According a first example implementation consistent with the present disclosure, a sonde adapted for determining one or more parameters related to hydrogen at a subsurface location, comprises: a plurality of centralizer arms forming an interior space having a proximal portion and a distal portion; a plurality of fiber optic Raman probes each disposed at the proximal portion or the distal portion of the interior space and proximate a respective one of the plurality of centralizer arms, said plurality of fiber optic Raman probes being adapted to measure a hydrogen concentration in a downhole measurement; and a plurality of optical probes each disposed at another of the distal portion or the proximal portion of the interior space and proximate a same or different one of the plurality of centralizer arms, said plurality of optical probes being adapted to measure downhole local gas holdup.
In a second example implementation, the plurality of fiber optic Raman probes and the plurality of optical probes of the first example implementation are disposed at respective interior perimeters having diameters that are fractions of respective outer circumference diameters formed by the plurality of centralizer arms.
In a third implementation, the plurality of centralizer arms of the first or second example implementations are bowspring centralizer arms.
In a fourth example implementation, the plurality of fiber optic Raman probes of any of the first through third example implementations are adapted to detect signal bands of hydrogen molecules.
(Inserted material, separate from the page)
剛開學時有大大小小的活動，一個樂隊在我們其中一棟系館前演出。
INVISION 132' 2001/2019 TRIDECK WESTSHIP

In a fifth example implementation, the plurality of fiber optic Raman probes of fourth example implementation the are adapted to detect signal spectra with wavenumbers at about 4,100-4,175 cm−1.
In one or more example implementations, the detected signal with wavenumbers at about 4, 125-4, 165 cm−1 are processed based on one or more of a temperature determined using the temperature probe and a pressure determined using the pressure probe.
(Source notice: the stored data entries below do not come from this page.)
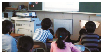
Zoomで教室から会に参加

この日のために、児童会の子どもたちと教員を中心に、会の内容を考え、当日は、末広小学校にまつわるクイズや50年の歴史を振り返る写真画像などを披露しました。ZOOMを使用し、各教室で映像を見ながら全校児童が会に参加しました。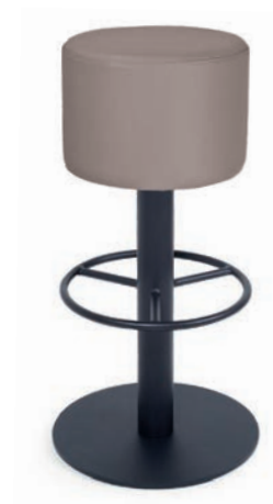
MODENA BAR 4 zylindrischer Polsterkopf Sitz drehbar, Ø 37 cm Gewicht 18 kg CKL Sand A h h 45 45 77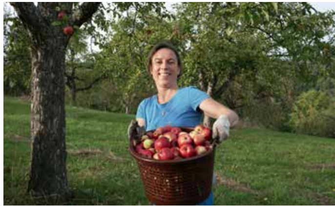
Foto: Geschmackliche Vielfalt: Tafeläpfel von der Streuobstwiese. Quelle: © Streuobstparadies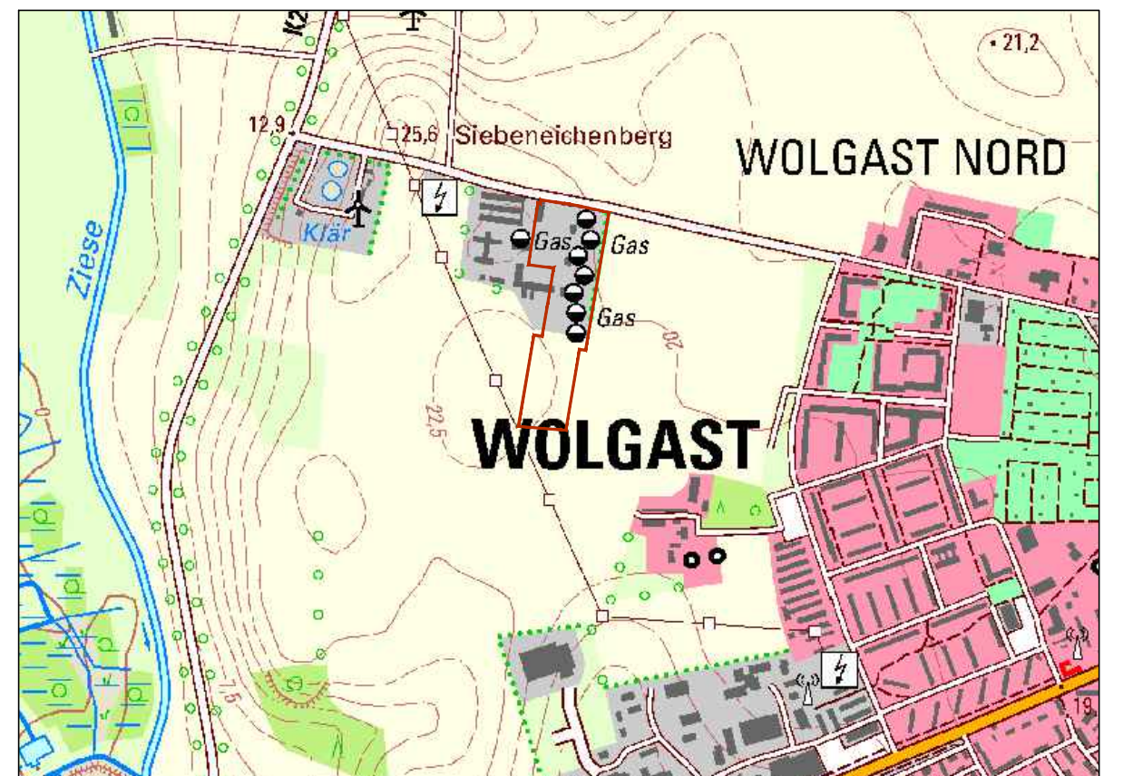
Übersichtsplan/ Topografische Karte

In one or more example implementations, the sonde further comprises a flowmeter disposed at the proximal portion or the distal portion of the interior space.
In one or more example implementations, the sonde further comprises an additional flowmeter disposed at another of the proximal portion or the distal portion of the interior space.
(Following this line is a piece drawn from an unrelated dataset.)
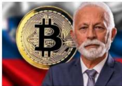
Nova platforma za trgovanje z Bitcoinom je vir za nove slovenske milijonarje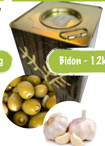
Bio grüne Oliven mit Knoblauch

In one or more example implementations, the flowmeter and the additional flowmeter are rotationally offset from each other in relation to a longitudinal axis along the sonde.
In one or more example implementations, the plurality of fiber optic Raman probes are disposed proximate to same ones of the plurality of centralizer arms as the plurality of optical probes. In one or more example implementations, the plurality of fiber optic Raman probes are disposed proximate to different ones of the plurality of centralizer arms from the plurality of optical probes.
In one or more example implementations, the plurality of centralizer arms comprise at least six (6) centralizer arms, and the fiber optic Raman probes comprise six (6) fiber optic Raman probes that are disposed proximate to respective ones of the at least six (6) centralizer arms at 60 degrees from one another around an interior perimeter of the sonde.
In one or more example implementations, the plurality of optical probes comprise six (6) optical probes that are disposed proximate to respective ones of the at least six (6) centralizer arms at 60 degrees from one another around another interior perimeter of the sonde.
In one or more example implementations, the sonde further comprises a coupling to a downhole logging tool incorporating one or more detectors selected from the group consisting of: a pressure probe, a temperature probe, a depth detector, and a fluid density measurement detector.
In one or more example implementations, the downhole logging tool comprises one or more processing devices adapted to process at least signal data obtained from the plurality of optical probes and the plurality of fiber optic Raman probes.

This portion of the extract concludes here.